Insight-oriented psychotherapies, particularly short-term and long-term psychodynamic psychotherapy, have accumulated substantial empirical support. A 2017 meta-analysis of 23 randomized controlled trials concluded that psychodynamic therapy was non-inferior to other empirically supported treatments for a range of mental disorders. A 2023 umbrella review in World Psychiatry applying updated criteria for empirically supported treatments concluded that psychodynamic therapy meets criteria as an evidence-based treatment for depressive, anxiety, somatic symptom, eating, and personality disorders in adults.

=== Insight as a mechanism of change ===

A 2018 meta-analysis published in the American Journal of Psychiatry aggregated 23 effect sizes from studies on the relationship between patient insight and psychotherapy outcome, and reported a moderate positive association (r = 0.31) that was consistent across diagnostic categories and theoretical orientations, including cognitive-behavioral and experiential therapies as well as psychodynamic treatments. The magnitude of this association is comparable to effect sizes reported for established therapeutic factors such as the therapeutic alliance. Contemporary scholarship has therefore framed insight not as a feature unique to psychoanalytic or psychodynamic treatment but as a transtheoretical mechanism of change, while noting ongoing methodological challenges in measuring insight reliably and establishing causal direction.

==Role of therapist==
The two main roles for the therapist are to stay neutral and abstinent towards their patients. Patients who are engaging with Insight-oriented psychotherapy attempt to build a trust-infused rapport with the therapist. It is believed that patients will be able to speak freely without feeling judgement if they understand that their therapist is not reacting, either positively or negatively towards what the patient is saying. In this way, the therapist is keeping a neutral disposition towards the patient.

==Issues==
The popular treatment methods used can also generate placebo insights within clients. Since patients may face a lot of pressure in the therapeutic encounter, they may experience "insights" such as illusions, deception, or adaptive self-misunderstandings—and it can also generate therapeutic artifacts that seem to confirm these insights.

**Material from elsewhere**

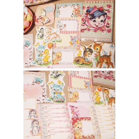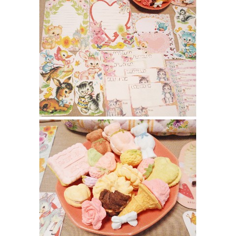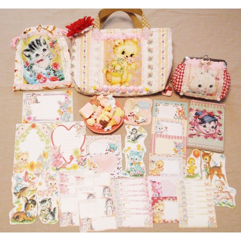 内容;クマミニバック、アニマルシール、ポストカード、ガマ口ポーチ、メッセージカード、カバーノート、宛名シール、イヤホンジャック、ネコ巾着ポーチ、ネームシール、スイーツデコセット♪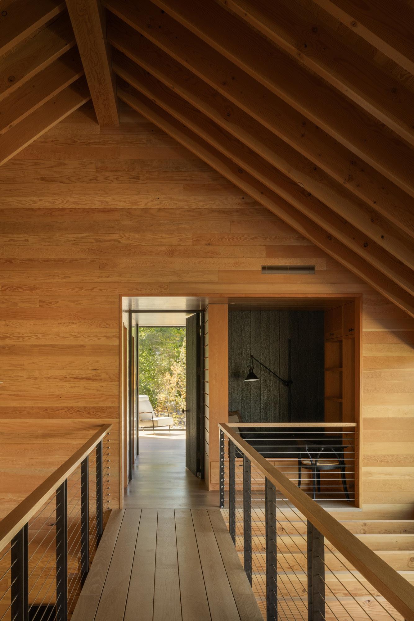 The slender gable of the main house steps down with the land, maintaining the building’s low-slung form. The double-height great room bridges two landscapes: a domesticated “beer garden” court with trees and the promontory experience looking out over the water. A second barn engaged in the knoll contains a garage, exercise space, and studio loft above with forest and ravine views. An existing carriage house, used for a long time as a guest cabin and renovated for this project, nestles into the other side of the knoll.

Different treatment options based on other assumptions about certain ameliorative factors in psychotherapy have been affected by this trend towards shorter treatment procedures. Insight-oriented therapies have generally consisted of treatment approaches that share the premise that behavior is disturbed in some manner through a lack of client awareness.

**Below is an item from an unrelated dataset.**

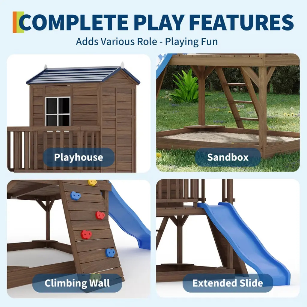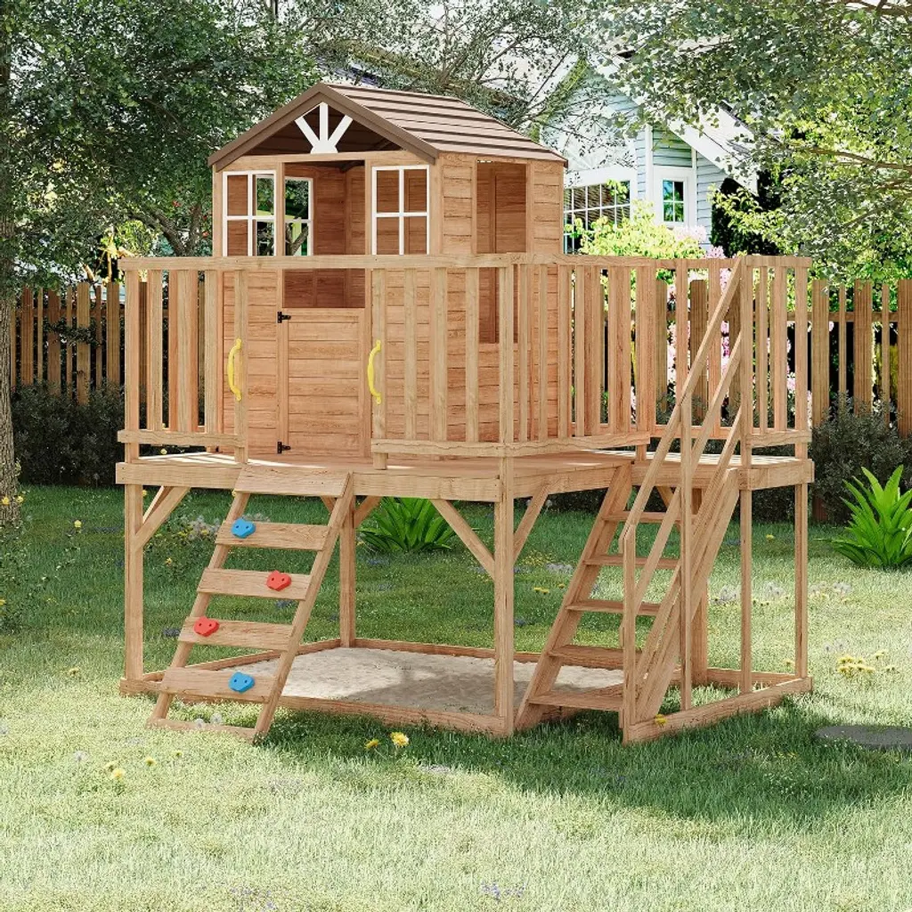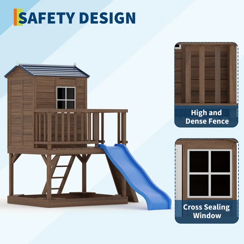 DURABLE & SAFE DESIGN - This kids clubhouse with slide is crafted from natural cedar wood, which is sturdy, durable, corrosion resistant, and sun-resistant. The wood surface is treated with outdoor water-based paint, making it suitable for use in harsh weather conditions. Its sturdy, thickened frame ensures excellent stability, providing a safe and secure play space for children aged 3-12SPACIOUS ENTERTAINMENT AREA - This kids playhouse with slide offers an outdoor play space for kids, with dimensions of 47.2x59.1.x89.4 inches, accommodating multiple children aged 3-12ELEVATED ADVENTURE - The elevated playhouse with slide with a wrap around deck adds a new level of fun while fitting into smaller backyardsSPEEDY WAVE SLIDE & SANDBOX COMBO - A high-rail 6-foot wave slide allows for swift, safe descents, promising endless fun every time.The base doubles as a spacious sandbox perfect for building sandcastles and sparking creativity. It’s double the fun in one compact designMULTI-FUNCTIONAL PLAY SCENES - Our elevated outdoor playhouse features many fun elements, including a climbing ladder, a playhouse, and a climbing wall. It not only fosters creativity but also helps improve children's social and emotional skills. This outdoor children's playhouse provides a place for kids to play outside, complete with a door and windows

Many problems have emerged in clinical treatment settings, in large part due to time limitations, as well as the restricted, minimal focus placed upon each of the above types of treatment.

==Case study==
In one example of insight-oriented psychotherapy, a nearly middle aged woman was having difficulty with her cancer treatment. The treatments themselves were not the issue. The issue was that this cancer patient was confusing her past, tumultuous relationships with her current ones—specifically with the doctors who were supposed to be treating her. "Associations to the follow-up pelvic exams and second-look surgery (which was negative) reminded her of her father's violation and denigration of women. She felt as though she was subjecting herself to yet another uncaring man who was out to hurt and humiliate a woman." It was ultimately these realizations that the patient came to in her insight-oriented sessions that allowed her to continue her cancer treatment.